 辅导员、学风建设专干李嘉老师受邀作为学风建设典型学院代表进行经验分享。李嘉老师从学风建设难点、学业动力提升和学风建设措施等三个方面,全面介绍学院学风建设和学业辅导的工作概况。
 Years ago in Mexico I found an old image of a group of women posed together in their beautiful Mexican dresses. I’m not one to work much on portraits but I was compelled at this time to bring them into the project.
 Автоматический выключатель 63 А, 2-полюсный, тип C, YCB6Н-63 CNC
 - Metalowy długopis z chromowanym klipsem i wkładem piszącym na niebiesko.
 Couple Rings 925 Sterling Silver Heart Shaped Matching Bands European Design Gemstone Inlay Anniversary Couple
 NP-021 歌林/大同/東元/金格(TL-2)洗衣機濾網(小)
---
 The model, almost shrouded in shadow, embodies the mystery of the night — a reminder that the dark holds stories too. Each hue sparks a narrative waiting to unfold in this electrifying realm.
==
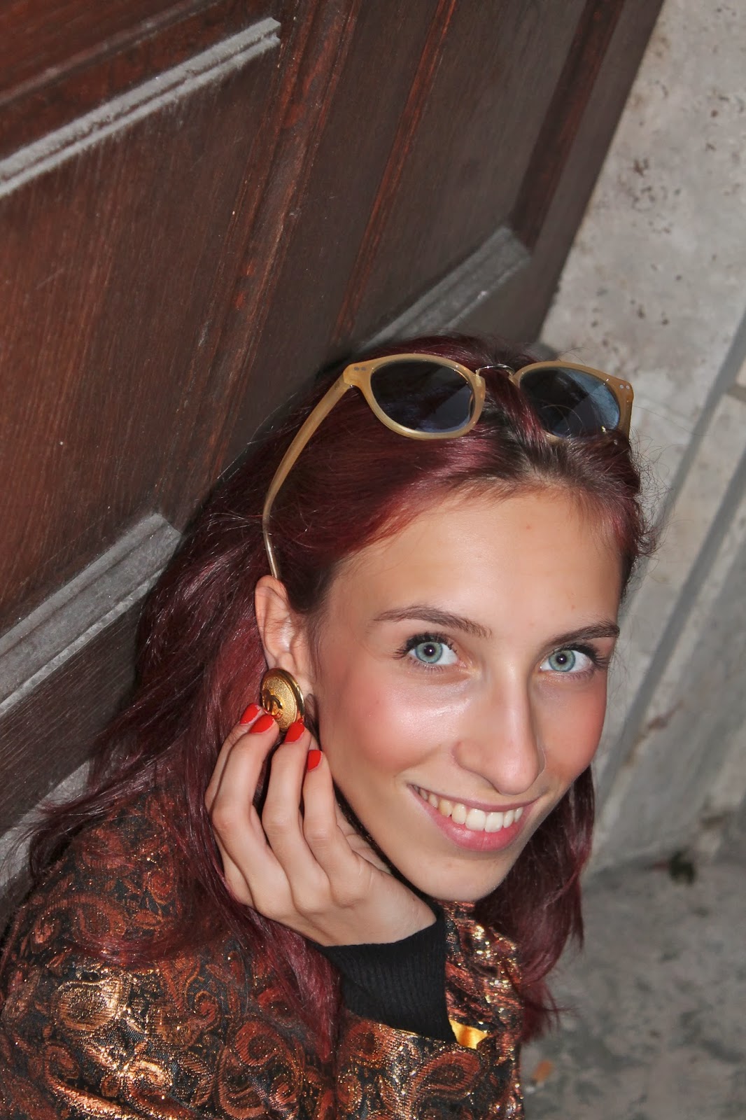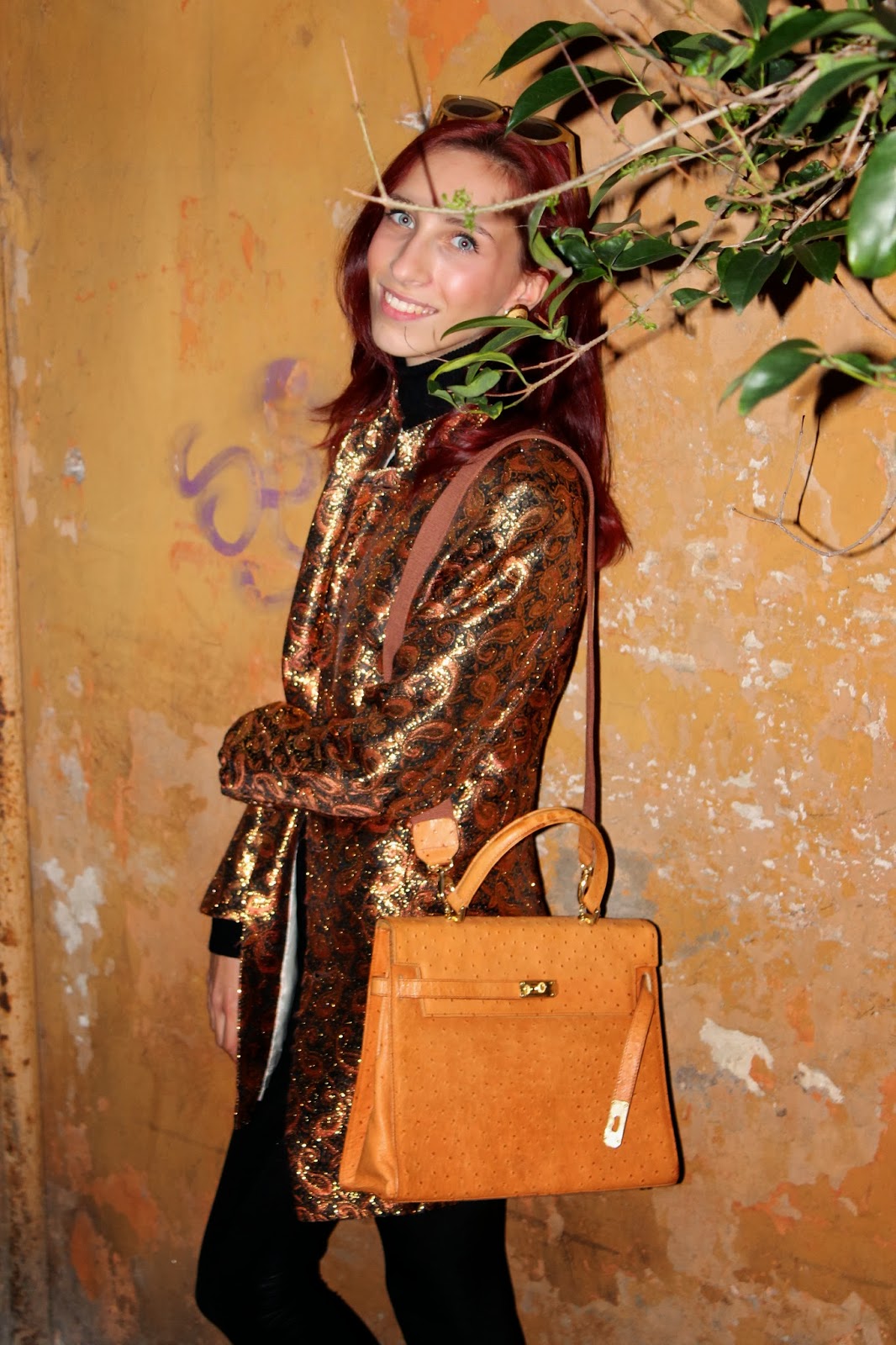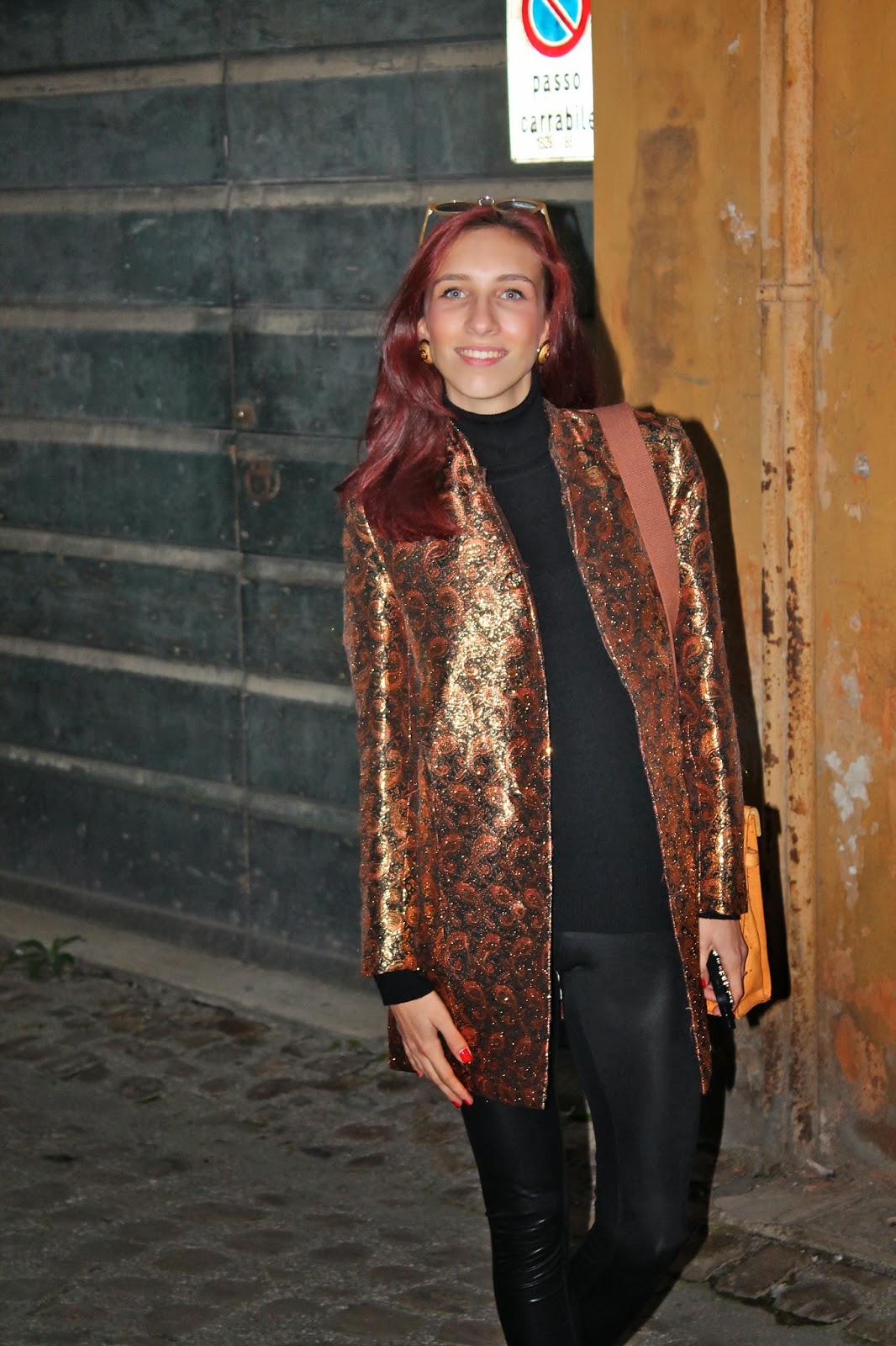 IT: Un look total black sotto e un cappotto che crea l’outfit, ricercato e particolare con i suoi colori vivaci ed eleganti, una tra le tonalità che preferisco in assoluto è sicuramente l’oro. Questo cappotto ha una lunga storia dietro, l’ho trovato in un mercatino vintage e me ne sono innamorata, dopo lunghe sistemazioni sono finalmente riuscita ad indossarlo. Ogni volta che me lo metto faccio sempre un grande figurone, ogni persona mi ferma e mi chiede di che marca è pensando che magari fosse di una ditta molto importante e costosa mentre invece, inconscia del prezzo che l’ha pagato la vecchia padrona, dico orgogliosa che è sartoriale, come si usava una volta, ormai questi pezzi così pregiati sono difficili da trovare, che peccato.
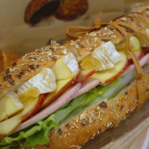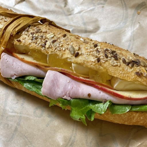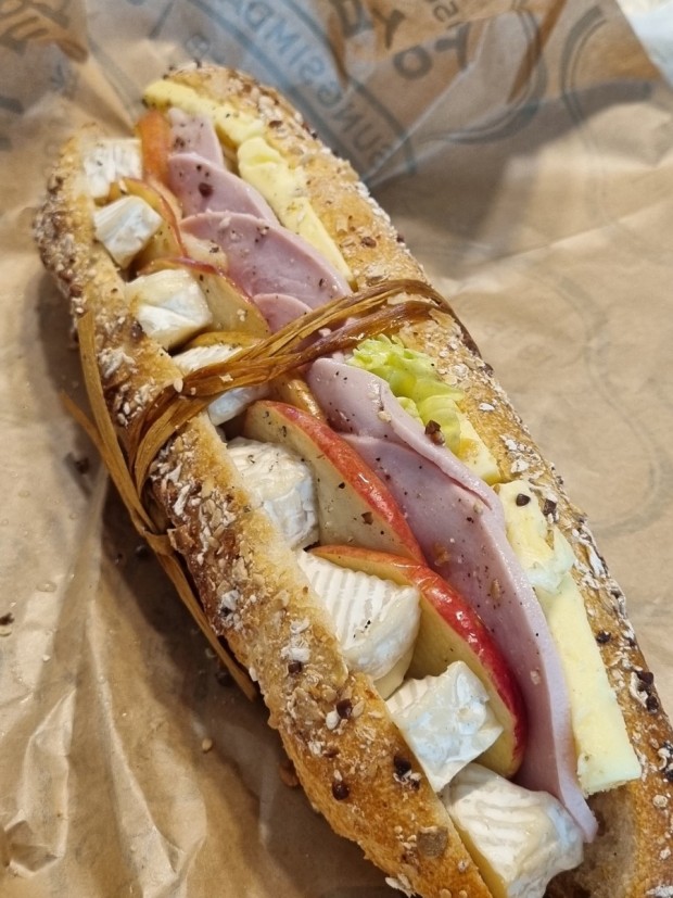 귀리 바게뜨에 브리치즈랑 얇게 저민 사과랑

▸ **EXERCISE DETAILS**: Would you output the lines above from the line holding "IT: Un look" up to and including the line holding "귀리 바게뜨에 브리치즈랑 얇게 저민 사과랑", exactly and only those, with no pictures?

▸ **REPLY TO THE EXERCISE**:
 IT: Un look total black sotto e un cappotto che crea l’outfit, ricercato e particolare con i suoi colori vivaci ed eleganti, una tra le tonalità che preferisco in assoluto è sicuramente l’oro. Questo cappotto ha una lunga storia dietro, l’ho trovato in un mercatino vintage e me ne sono innamorata, dopo lunghe sistemazioni sono finalmente riuscita ad indossarlo. Ogni volta che me lo metto faccio sempre un grande figurone, ogni persona mi ferma e mi chiede di che marca è pensando che magari fosse di una ditta molto importante e costosa mentre invece, inconscia del prezzo che l’ha pagato la vecchia padrona, dico orgogliosa che è sartoriale, come si usava una volta, ormai questi pezzi così pregiati sono difficili da trovare, che peccato.
 귀리 바게뜨에 브리치즈랑 얇게 저민 사과랑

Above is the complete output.